TASK PROMPT. From the listing below, copy only the lines running from the line that contains "Volume fraction of" to the line that contains "ムーブメントの仕上げも古典的", both included.

Segment Start: DATA FOR ANALYSIS

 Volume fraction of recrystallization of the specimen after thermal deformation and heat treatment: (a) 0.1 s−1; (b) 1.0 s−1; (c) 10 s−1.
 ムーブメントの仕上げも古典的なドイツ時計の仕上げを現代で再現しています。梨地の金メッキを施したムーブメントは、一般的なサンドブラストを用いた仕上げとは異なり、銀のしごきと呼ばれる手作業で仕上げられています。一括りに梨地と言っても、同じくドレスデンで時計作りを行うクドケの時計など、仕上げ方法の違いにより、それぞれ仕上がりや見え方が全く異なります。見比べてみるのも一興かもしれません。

Segment End: DATA FOR ANALYSIS
Segment Start: DATA FOR ANALYSIS

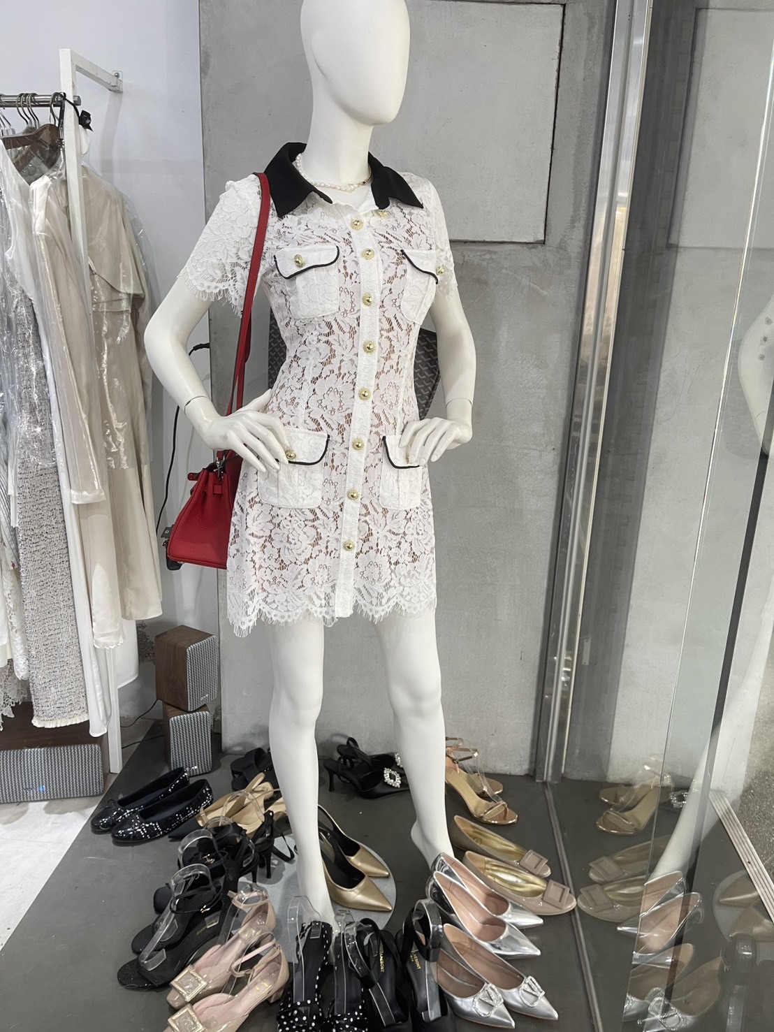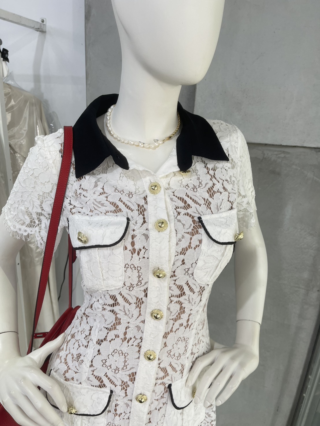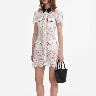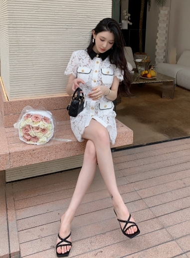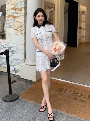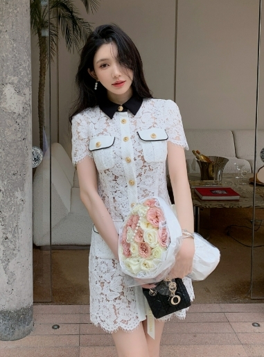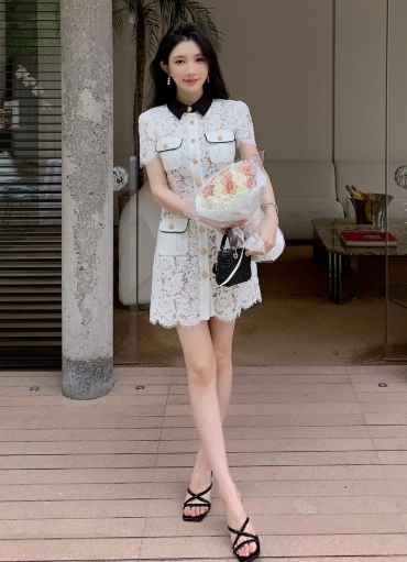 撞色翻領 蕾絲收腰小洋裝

Segment End: DATA FOR ANALYSIS

ANSWER TO THE PROBLEM.
 Volume fraction of recrystallization of the specimen after thermal deformation and heat treatment: (a) 0.1 s−1; (b) 1.0 s−1; (c) 10 s−1.
 ムーブメントの仕上げも古典的なドイツ時計の仕上げを現代で再現しています。梨地の金メッキを施したムーブメントは、一般的なサンドブラストを用いた仕上げとは異なり、銀のしごきと呼ばれる手作業で仕上げられています。一括りに梨地と言っても、同じくドレスデンで時計作りを行うクドケの時計など、仕上げ方法の違いにより、それぞれ仕上がりや見え方が全く異なります。見比べてみるのも一興かもしれません。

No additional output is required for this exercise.